Which is a baseless hyperbole. We get it, blog spam is annoying. That doesn’t change the fact that humans generate a ton of data just interacting with one another online.
As a forum moderator, I have transitioned to relying heavily on AI-generated responses to users.
These responses can range from short and concise ("Friendly reminder: please ensure that all content posted adheres to our rules regarding hate speech. Let's work together to maintain a safe and inclusive community for everyone") to lengthy explanations of underlying issues.
By using AI-generated content, a small moderation team can efficiently manage a large group of users in a timely manner.

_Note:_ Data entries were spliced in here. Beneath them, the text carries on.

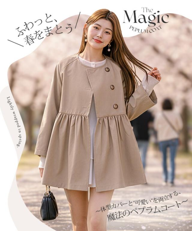 【ペプラムデザインスプリングコート】
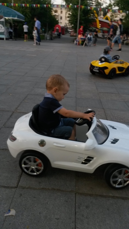 В год подстригли в детской парикмахерской в кресле-машинке. Сидел спокойно,хотя по жизни шилопоп
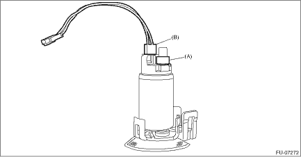 WARNING: Place “NO OPEN FLAMES” signs near the working area. CAUTION: • Be careful not to spill fuel. • If the fuel gauge indicates that two thirds or more of the fuel is remaining, be sure to drain fuel before starting work to avoid the fuel to spill. • Be careful not to drop or apply any impact to the fuel pump during work. This may deteriorate its performance. NOTE: The fuel filter is built in fuel pump assembly. 1. Remove the fuel pump assembly. Fuel Pump > REMOVAL 2. Remove the fuel level sensor. Fuel Level Sensor > REMOVAL 3. Remove the fuel pump harness from the clip, and disconnect the connector (A) of the fuel pump harness.
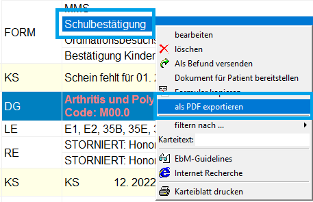 In dieser Programmversion können Dokumente in der Patientenkartei, z.B. „FORM“, per Rechtsklick und Auswahl von Als PDF exportieren als PDF gespeichert werden.
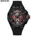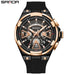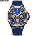 Upgrade your wristwear with the Sanda Men’s Silicone Quartz Watch, a stylish and functional timepiece for modern men. Its bold round dial features a hollow design with a three-eye chronograph, small three-hand display, 24-hour indicator, and calendar function for precise timekeeping. Luminous hands ensure easy readability in any lighting. The soft silicone strap provides all-day comfort, while the zinc alloy case and high-hardness mineral tempered glass deliver durability and a sleek finish. Designed with a flat-top conical crown and stainless steel pin buckle, this watch is secure and refined. With 30M water resistance, it can handle splashes and everyday wear effortlessly. Handpicked from Abroad, this versatile watch blends contemporary style with practicality, making it ideal for business, casual, or outdoor settings.
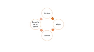 El documento describe una estructura organizativa con un director general, una dirección secundaria y una dirección de primaria que supervisan a diferentes profesores. También se mencionan las etapas del cultivo de un cereal, los pasos para obtener una licencia de conducir y las diferentes clases sociales de una sociedad.
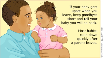 Your baby may start to get upset when you leave. To help your baby understand that you will be back, keep goodbyes short and calm and tell your baby you will be back. Your baby may be upset at first, but will likely calm down after you leave.
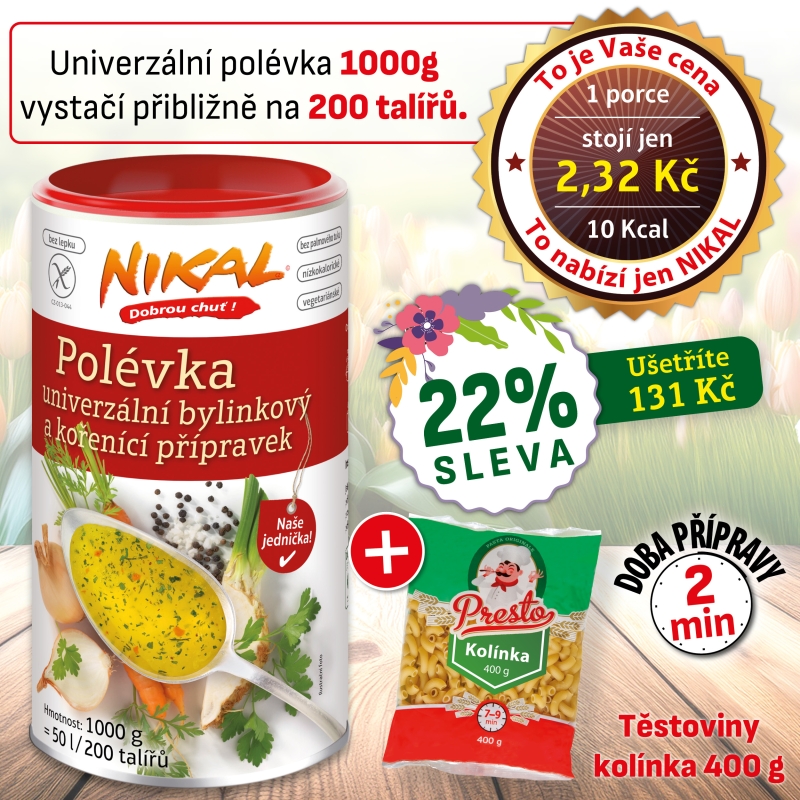 S NIKAL Polévkou připravíte čirý zeleninový základ jednoduše a rychle – stačí smíchat s vodou.
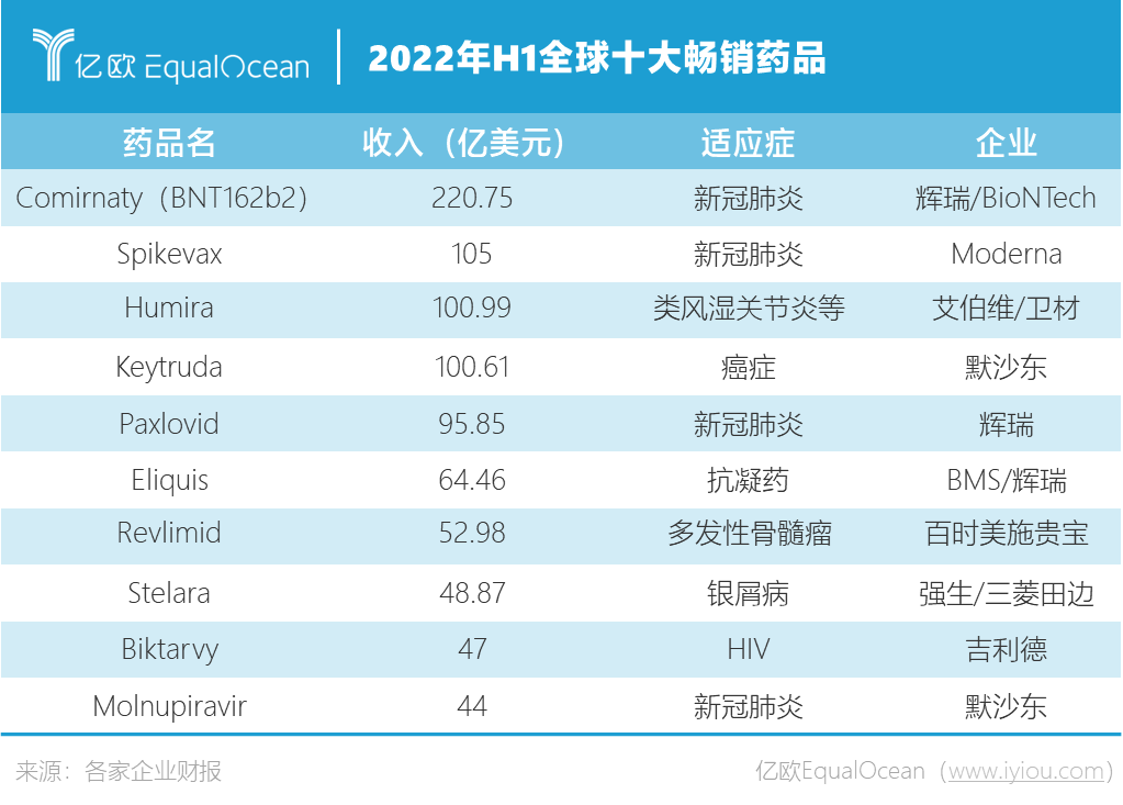毫无疑问,轻松越过者,都有重磅炸弹傍身。除了业绩长青的修美乐和新晋的百亿玩家K药,疫情这架“造富机”在第三个年头依旧没有停止运转,全球十大药品里有四款新冠疫苗/口服药,已占据半壁江山。它们的存在,不仅让辉瑞继续冲破营收天花板,也让拥有新冠口服药和PD-1抑制剂Keytruda的默沙东在半年里前进6个名次,挤下强生稳居第二。
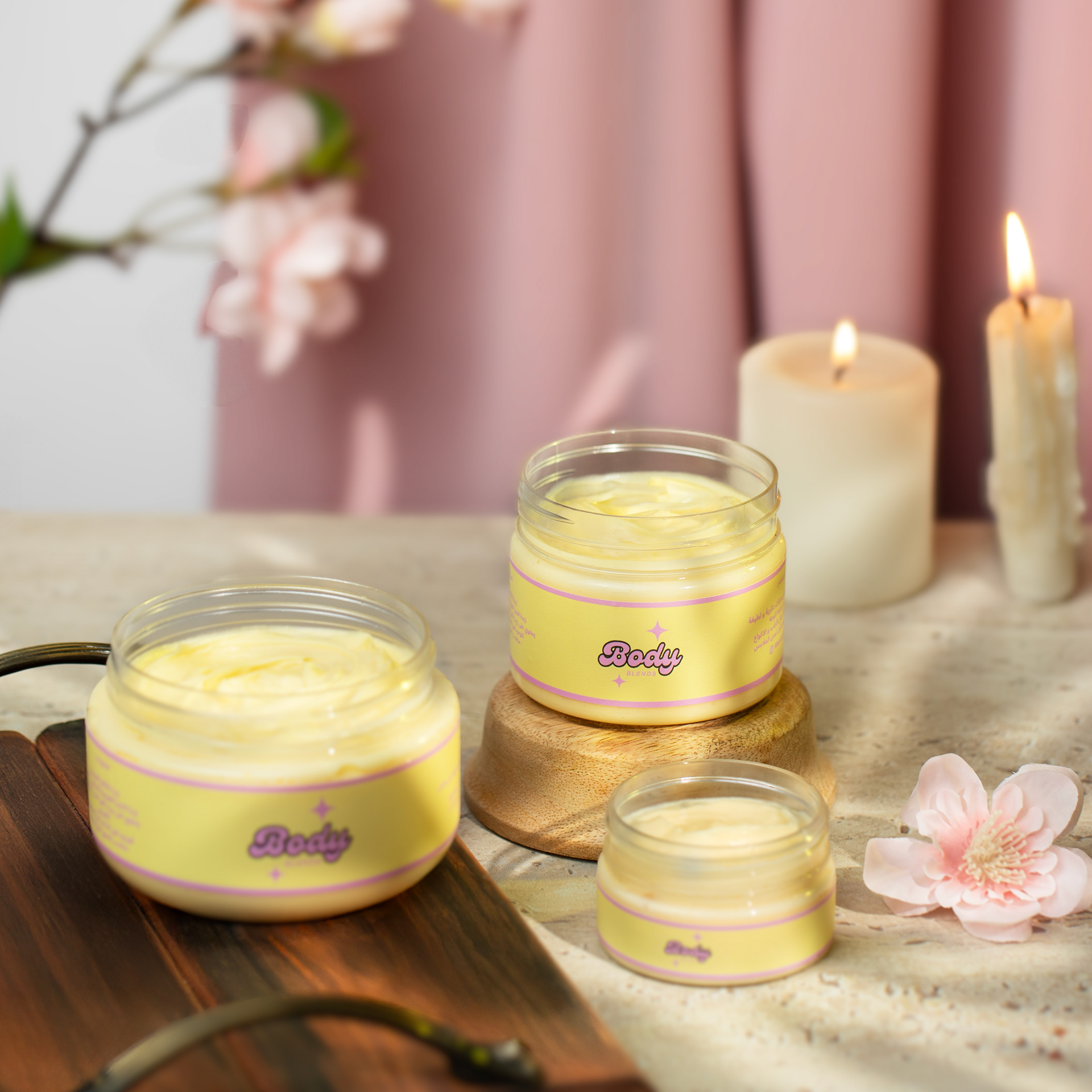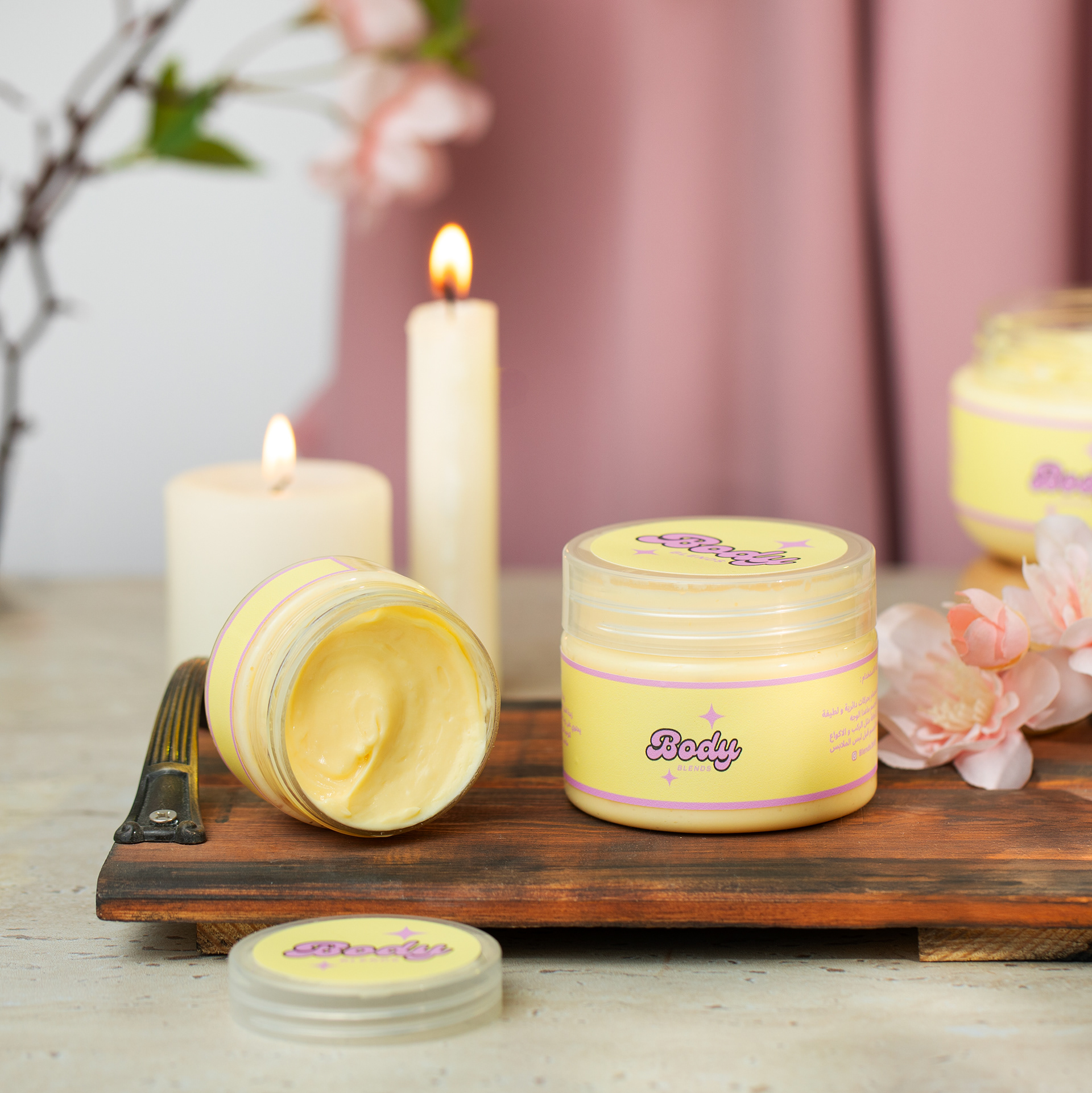 Set in a cozy, spa-like atmosphere with towels, candles, and warm lighting — evoking relaxation, self-care, and indulgence.

This approach is becoming increasingly common, as evidenced by the rise in AI-generated comments on popular sites such as HN, Reddit, Twitter, and Facebook.
Many users are also using AI tools to fix grammar issues and add extra content to their comments, which can be tempting but may result in unintentional changes to the original message.
In fact, I myself have used this technique to edit this very comment to provide an example.
---- Original comment:
As an online forum mod, I switched to mainly using AI to generate replies to users. Some are very short ("Hey! Remember the rules.") and some are long paragraphs explaining underlying issues. Someone training on my replies would pretty much train on AI generated content without knowing. It allows a small moderation team to moderate a large group quickly. I know that I am not alone in this.
There is also a raise in AI generated comments on sites like HN, Reddit, Twitter and Facebook. It's tempting to copy-paste a comment in AI for it to fix grammar issues, which often results in extra content being added to text. In fact, I did it for this comment.
The original comment is much better, please stop rewriting your comments using OpenAI.
> In fact, I did it for this comment.
Yes, it was obvious from the second sentence. The way ChatGPT structures text by default is very different from how most humans writes. Always the same "By using", "These X can range from" etc.
Padding your text with more words doesn't make it better, more words makes it worse, this isn't school.
Interesting, the "By using" was my own addition to shorten a long sentence it had generated that distracted from the example.
To be more clear, using AI to rewrite comments such as this one is not something I often do. My personal use of it for moderation purposes is more prompt based than pasting a long comment for grammar and spelling corrections.
What I did here was an example and that example provided the same criticism that you wrote here as a reply ("which can be tempting but may result in unintentional changes to the original message"). In other words, makes the text more verbose and sanitizes the writing style.
The prompt we use for moderation contains our site's rules and some added context. So using ChatGPT, we can paste in someone's comment and ask the bot to write a short text explaining how that comment does not follow our rules and what the user can do.
"Using the rules above, write a very short message for a user that wrote a rule breaking comment. Show empathy. Use simple English. Explain the rules that were broken. The comment is [comment here]"
Using this saves a lot of time. Is the quality of the comment not as good as it could be if it was written by a human? Absolutely. However, using AI let us change the user:mod ratio in a way. Automoderators are nothing new, what is new is that now the automoderator can take context into account and provide a customized message.
OpenAI at least can track the hashes of all content it's ever output, and filter that content out of future training data. Of course they won't be able to do this for the output of other LLMs, but maybe we'll see something like a federated bloom index or something.
Agreed there is no perfect solution though, and it will definitely be a problem finding high quality training data in the future.
AI content will be associated with a user or organization in the trust graph. If someone you trust trusts a user or organization who posts AI content, you're free to revoke your trust in that person or blacklist the specific users/organizations you don't want to see anymore.
We've been pretending to be just about to do this for decades. The fact is that internet companies will not develop a network of trust, because they are primarily advertisers looking for better ways to abuse trust.